In Page_Load(), the project creates two DataTable objects: dt (urlTable) and dtsum (summaryTable). To prevent the loss of these tables between postbacks (page refreshes), they are saved into the page’s Session object. Every time the page is refreshed, more URLs are added to urlTable.

To avoid duplicate URLs, we have opted to have the "URL" field a primary key. Thus, adding a duplicate record will cause an exception. This is why we enclose the "dt.Rows.Add(row1);" statement in a try-catch block. When an exception occurs, we simply want to ignore the error and continue. A try-catch with empty catch block achieves exactly that (this is like On Error Resume Next in VB).

Note: For the dtsum (summaryTable), we need the ServerInfo values to be unique but, for simplicity, we did not set SeverInfo as a primary key. If you examine UpdateSummaryInfo() method, you will see that it only adds a record if the ServerInfo value is not already found in the table. However, this solution may not work under concurrent access by multiple users.

The rest of the code in Page_Load() executes the following steps (in order):

Execute a Google search query via a call to FetcURL().
Call ProcessData() to extract the absolute URLs found in the HTTP reply from step 1.
Add the URLs (with ServerInfo set to "unknown") to urlTable.
Call ModifyServerInfo() to contact URLs with "unknown" servers; Update urlTable and summaryTable.
Bind GridView1 to urlTable and GridView2 to summaryTable (sorted descending by Count).

Note: A GridView object is more versatile than a raw HTML table; it offers some useful features such as sorting and paging (via AJAX calls to the server) which become handy as tables get large.

Another basic method that is repeatedly called is FetchURL(url, requestMethod).

The method is called with a Google query/"GET" for Task 1, and with a URL/"HEAD" for Task 2. The method uses a TCPClient object (from .NET System.Net.Sockets namespace). The class constructor used takes a host and port number (set to 80). The host is extracted from the URL-parameter passed to FetchURL().
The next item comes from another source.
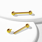 Enhance your bridge piercings with such a classic and simple internally threaded gold bridge piercing barbell. They feature removable and internally threaded 3mm titanium ball ends, which are comfortable for daily use, and also the safest choice for bridge piercing.

string FetchURL(string url, string requestMethod)
{
  int doubleSlahIndex = url.IndexOf("//");

  if (doubleSlahIndex > 0)
  { // Remove protocol part
    doubleSlahIndex += 2;
    url = url.Substring(doubleSlahIndex);
  }

  string host = url;
  string path = "/";
  int pathIndex = url.IndexOf('/');
  if (pathIndex > 0)
  {  host = url.Substring(0, pathIndex);
     path = url.Substring(pathIndex);
  }

 //  Response.Write("path:" + path + "*");
 //  Response.Write("host:" + host + "*");

  int port = 80; 
  TcpClient client = new TcpClient(host, port);

  NetworkStream stream = client.GetStream();
  StreamReader reader = new StreamReader(stream);
  StreamWriter writer = new StreamWriter(stream);
 
 // some servers respond weirdly if Host or Accept headers are not sent
   string command = "GET " + path + " HTTP/1.0\r\n" + "Accept: */*\r\n" + "Host:" + host + "\r\n";
  string output = "";
  // Anything can happen when sending/receiving through network
  try
  {  writer.WriteLine(command); 
     writer.Flush();  // Send
     output = reader.ReadToEnd(); // Receive
   }
   catch (Exception e)
   { output = "Error:" + e.Message; }
             
  return output;
}

The method ModifyServerInfo(dt, MaxRecords) implements Task 2, in accordance with the documentation given therein. In this method, we issue the call FetchURL(Host, "HEAD"), where Host is set to ServerInfo values retrieved from urlTable.

Limitations, Possible Enhancements

In its current form, the application has two major limitations:

First, the process of discovering (and logging) URLs and information about their servers takes place while the client (user) request is being handled. Ideally, such a process should be run as a background process independent of users’ requests.

Second, the information gathered by the application is saved in the web server memory as Session objects and, therefore, it cannot be shared among different users. Furthermore, the information is lost when the user closes his browser. Preferably, the information should be saved to permanent storage as database tables.

History

27^th September, 2012: Version 1.0